A form of life and conduct far more severe and restrictive than that of ordinary people is required from judges and, though unwritten, has been most strictly observed. They are at once privileged and restricted. They have to present a continuous aspect of dignity and conduct . . . The judges have to maintain, though free from criticism, a far more rigorous standard than is required from any other class that I know of in this realm.

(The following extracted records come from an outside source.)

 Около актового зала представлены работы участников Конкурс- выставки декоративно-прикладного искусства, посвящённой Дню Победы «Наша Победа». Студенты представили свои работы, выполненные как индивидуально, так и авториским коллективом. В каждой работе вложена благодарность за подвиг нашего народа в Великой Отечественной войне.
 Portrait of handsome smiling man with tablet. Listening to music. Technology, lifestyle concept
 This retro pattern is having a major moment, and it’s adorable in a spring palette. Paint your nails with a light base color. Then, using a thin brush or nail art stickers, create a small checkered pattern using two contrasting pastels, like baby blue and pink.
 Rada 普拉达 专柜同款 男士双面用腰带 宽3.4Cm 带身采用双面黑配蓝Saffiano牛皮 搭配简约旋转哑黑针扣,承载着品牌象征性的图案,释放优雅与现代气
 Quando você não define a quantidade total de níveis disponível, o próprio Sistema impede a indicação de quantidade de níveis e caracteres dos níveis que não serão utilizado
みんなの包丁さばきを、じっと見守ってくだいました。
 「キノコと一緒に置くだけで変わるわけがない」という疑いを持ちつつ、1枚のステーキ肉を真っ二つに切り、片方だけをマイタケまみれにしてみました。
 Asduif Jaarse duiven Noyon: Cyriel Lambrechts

That is why this matter must be resolved. It cannot in the interests of the administration of justice be left in the category of not proven. We must resolve it one way or the other. The question is where do we go now? The Government would like to refer the matter to the Director of Public Prosecutions, but he has no coercive powers. He could do no better than the Senate committee. He would not and could not resolve the issue. It may well be that purely as a criminal case it is inherently unprovable. Referring to the Director of Public Prosecutions the evidence on which the Senate committee was unable to reach a clear resolution will get us no further forward at all without evidence from the judge-which could be cross-examined given in person. The Government should set up a royal commission to look into the matter. But the Government refuses; it does not accept its responsibilities.

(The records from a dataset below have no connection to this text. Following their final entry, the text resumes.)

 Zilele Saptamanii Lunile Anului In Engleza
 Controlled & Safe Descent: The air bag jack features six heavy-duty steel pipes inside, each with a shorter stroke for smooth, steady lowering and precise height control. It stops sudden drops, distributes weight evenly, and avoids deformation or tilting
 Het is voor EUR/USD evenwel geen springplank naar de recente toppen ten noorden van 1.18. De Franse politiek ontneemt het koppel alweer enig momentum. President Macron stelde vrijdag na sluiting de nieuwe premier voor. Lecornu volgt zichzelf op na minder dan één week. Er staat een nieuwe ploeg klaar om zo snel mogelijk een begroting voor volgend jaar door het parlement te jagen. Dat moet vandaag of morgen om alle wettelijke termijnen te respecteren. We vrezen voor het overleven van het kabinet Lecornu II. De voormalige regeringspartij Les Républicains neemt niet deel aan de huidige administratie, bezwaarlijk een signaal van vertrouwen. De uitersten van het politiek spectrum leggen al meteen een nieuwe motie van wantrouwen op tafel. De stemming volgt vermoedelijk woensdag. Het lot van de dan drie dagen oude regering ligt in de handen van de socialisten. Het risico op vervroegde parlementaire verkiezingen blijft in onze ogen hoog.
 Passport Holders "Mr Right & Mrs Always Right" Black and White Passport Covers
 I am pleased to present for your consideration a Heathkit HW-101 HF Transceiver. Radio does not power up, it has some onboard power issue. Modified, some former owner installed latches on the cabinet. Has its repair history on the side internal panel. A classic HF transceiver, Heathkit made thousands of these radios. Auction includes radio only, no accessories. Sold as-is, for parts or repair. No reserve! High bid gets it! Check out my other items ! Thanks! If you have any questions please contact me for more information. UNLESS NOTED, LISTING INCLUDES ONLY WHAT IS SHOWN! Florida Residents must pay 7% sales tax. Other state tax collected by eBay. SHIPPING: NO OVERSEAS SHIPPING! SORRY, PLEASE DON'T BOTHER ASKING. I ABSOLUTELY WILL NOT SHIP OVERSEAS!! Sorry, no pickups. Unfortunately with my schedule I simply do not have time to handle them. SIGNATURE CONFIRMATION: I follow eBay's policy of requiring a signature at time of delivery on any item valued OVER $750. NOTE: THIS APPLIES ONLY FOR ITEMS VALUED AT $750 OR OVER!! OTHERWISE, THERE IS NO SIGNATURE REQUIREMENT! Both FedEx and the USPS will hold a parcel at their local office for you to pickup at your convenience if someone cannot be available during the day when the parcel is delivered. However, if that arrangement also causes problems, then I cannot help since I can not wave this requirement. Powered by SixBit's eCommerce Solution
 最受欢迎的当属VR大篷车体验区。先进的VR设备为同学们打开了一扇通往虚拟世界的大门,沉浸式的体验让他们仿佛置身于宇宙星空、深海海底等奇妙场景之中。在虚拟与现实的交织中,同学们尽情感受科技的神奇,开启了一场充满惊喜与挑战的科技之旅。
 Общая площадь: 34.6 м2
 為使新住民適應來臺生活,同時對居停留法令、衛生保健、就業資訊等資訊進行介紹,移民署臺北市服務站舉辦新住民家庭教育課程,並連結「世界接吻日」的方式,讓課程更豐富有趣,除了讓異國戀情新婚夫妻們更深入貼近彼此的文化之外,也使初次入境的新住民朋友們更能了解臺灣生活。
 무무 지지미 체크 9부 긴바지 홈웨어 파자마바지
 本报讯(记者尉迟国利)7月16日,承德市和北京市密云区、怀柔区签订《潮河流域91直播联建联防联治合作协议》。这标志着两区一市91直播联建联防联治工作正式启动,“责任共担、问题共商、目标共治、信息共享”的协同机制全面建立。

The Opposition proposes as the second best alternative to set up a Senate committee with two independent commissioners, people of prestige and standing in the community, to conduct the investigation on the Senate's behalf. That committee will report the conclusions of the commissioners to the Parliament. It is the second best solution. We would much prefer the royal commission, but the Government refuses. The Government will not face up to its responsibilities. The Attorney-General raised what seemed to me to be a thoroughly trivial objection: namely, that the finding of the commissioners would not be binding on the Senate . Of course it would not; nor would the finding of a court be binding on the Senate. It is up to the Senate in every case to satisfy itself that the matter is proved and that the misbehaviour is adequate to justify removal. The fact that it is not binding is self-evident, and it is extraordinary that it should be raised as an objection by the Attorney-General.

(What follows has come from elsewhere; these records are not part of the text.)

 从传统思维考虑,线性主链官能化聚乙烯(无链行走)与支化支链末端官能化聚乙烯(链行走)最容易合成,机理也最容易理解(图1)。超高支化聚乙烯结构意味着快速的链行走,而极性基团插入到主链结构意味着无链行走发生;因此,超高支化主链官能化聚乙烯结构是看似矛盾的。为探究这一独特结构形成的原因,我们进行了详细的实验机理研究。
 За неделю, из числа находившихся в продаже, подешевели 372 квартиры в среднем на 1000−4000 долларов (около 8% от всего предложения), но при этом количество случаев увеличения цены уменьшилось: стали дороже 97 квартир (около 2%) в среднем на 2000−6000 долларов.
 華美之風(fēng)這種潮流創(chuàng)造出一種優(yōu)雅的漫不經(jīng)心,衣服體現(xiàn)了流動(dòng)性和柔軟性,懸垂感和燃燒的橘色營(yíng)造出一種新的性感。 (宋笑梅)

Government senators have pointed out that Britain, from which we take our customs and privileges of parliament, has not used this committee system of investigation this century. I am sure that is true, but the reason is that the British Government has never refused, and would never refuse, to set up a proper independent inquiry into a matter which the majority of an elected house of parliament thought merited investigation. This course of action is necessary only because the Government will not face up to its responsibilities to investigate these matters properly.

I conclude by quoting some words by the Attorney-General. I do not often agree with him, but I entirely agree with these words which he used in a different context about another judge but which are just as true of this situation. He said in 1980:

If public confidence in the absolute integrity and impartiality of the judges of the highest court in the land is in any way put at risk by the questions which have been raised here not being satisfactorily answered, there is little hope for the long-run survival of public confidence in any democratic institution in this country.

I agree with those words. We are taking the best course of action available to us to resolve this matter, in default of responsible action by the Government.